Hello My Name Is…

From establishing new routines to figuring out your new class dynamic, there’s so much going on those first days of classes.

You might have students that are brand new to the school or groups who have been in class together before; it’s important to make sure cliques don’t form and give those newer or introverted students a chance to integrate themselves.

A great place to start is name tags and nameplates! The first step to getting to know someone is getting to know their name!

Name tags are great short-term solutions and never hurt to have on hand, especially for special days, guests or substitute teachers. There are so many adorable designs available like Buzzworthy Bees and School Bus, or something more adult with the Industrial Chic designs.

Nameplates last longer and can decorate a student’s desk, plus they’re portable if they switch spots. Buy whichever fits your classroom’s aesthetic best, or have a variety students can pick from, like the Colour Harmony or Alphabet Nameplates. Of course, you could have each student design their own! Make it an arts and crafts activity and ask students to make a nameplate that shows who they are. They can draw and use whichever colours they like, expressing themselves on the paper. You can use regular old printer paper, but we recommend something a little more sturdy, like Manila Drawing Paper or Construction Paper.

Names are one thing, and easily sorted, but how do you really get to know your new kiddos? And how can they get to know each other? We’ve compiled a list of fun activities and games that’ll make great ice breakers for both the whole class, or in smaller groups.

The Whole Class

Matching Games:

Pick from a variety of matching games, like Easy Words, Alphabet, What Goes Together and Upper & Lowercase, based on your kids’ ages. Give each child a card and have them find their match. The kids will ask their match a question, then recite their name and answer the question to the rest of the class. Repeat as many times as you like!

The questions could be their age, favourite colour/food/animal, how many siblings they have, what they want to be when they grow up, or anything else you want to know about your students.

For older students, you can play Sight Words Games at different levels, which matches questions with answers on different cards. The student whose card reads, “I have the first card! Who has …?” begins. The student who has the answer to that question responds and then asks a different question. In addition to the question on the card, have the students also ask each other personal questions too. This one can be played at their desks or in smaller groups as well.


Option 1: Create a bingo card with common traits, like hair colour, types of pets, how many siblings, birthday month, etc, and the students need to find another student to match the characteristic. They write the person’s name over the trait, only using each person once per card. Whoever fills out their card first wins and tells the class who matched each characteristic.

Option 2: Create a bingo card with different students’ names. You can have the kids walk around and check off each person they meet, or read the names out loud, with each student saying something about themselves when their name is called. Whoever fills out their card or get 4 in a row wins.

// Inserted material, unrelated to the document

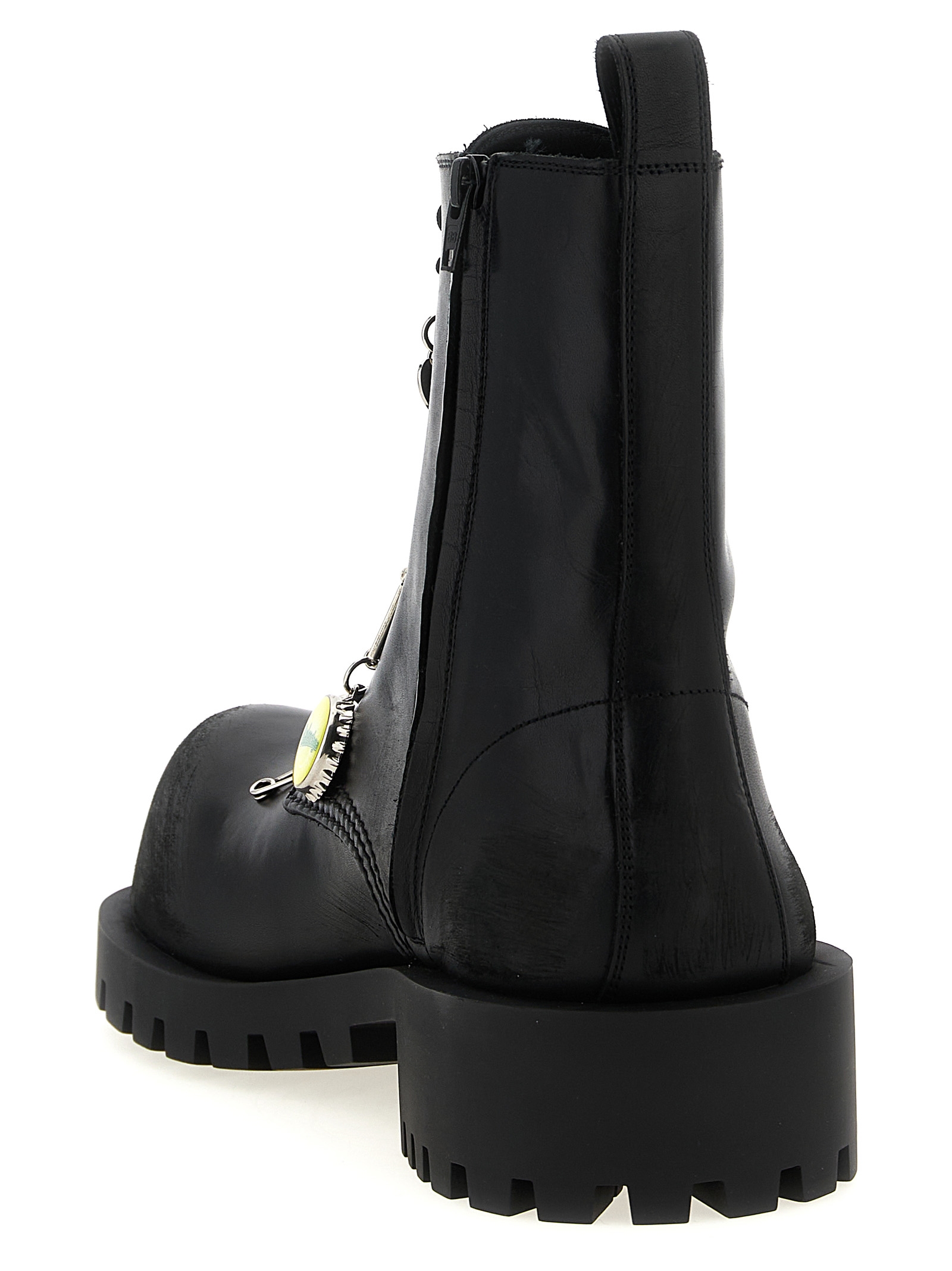 ‘Hummer’ used effect bull leather amphibians, slightly asymmetrical rounded toe, lace closure with charms inserted, side zip closure, thick notched rubber sole.

Use the Quality Classrooms Bingo Card for free!

A Great Wind Blows:

This one involves a little setup. Clear a space and set up enough chairs for each child in a circle (or have them sit on the floor). The caller says, “A great wind blows for everyone who (blank).” The blank could be anything from birthday month to clothing type to what they ate that day. Anyone who qualifies gets up and runs to the new spot (at least two spots over). You can make it competitive by taking away chairs like musical chairs.

Small Groups

Mix and Meet:

Place a bowl of M&M’s, Skittles or other colourful candies in the middle. Have each student take a handful, but don’t let them eat them yet. Each colour they grabbed coincides with a topic they have to say a fact about. For example, blue candies mean pets, red is family, yellow is hobbies, brown is movie and music, and so on. Students will take turns sharing facts coinciding with their colours until all the candies are gone.

You could play this with nonedible colours, like beads or Lego, but candy offers a direct reward for sharing and makes it more fun.

Dragon Dash:

A fun cooperative game where players must build a safe path to unite the kingdom. It’s a mix of medieval fun and strategy, dashing past dragons and gathering enough pieces to complete the path.

Ant Colony:

Another cooperative game where children work together to build an ant colony. Players battle angry beetles, hidden rocks and anteaters as they build a safe home for the ants.

More fun classic games: Jenga, Picture Charades, Pop-O-Matic Trouble, Connect Four and Candy Land

Getting to know your students is so important to building a good bond. It’s the first step to figuring out seating arrangements and lesson plans. Spreading out introverts and extroverts provides a balance to your room and exposes each student to various personalities, helping them develop emotionally.

Plus, if you start off the year as the fun teacher, you make your students excited to come to class, which is always a wonderful thing.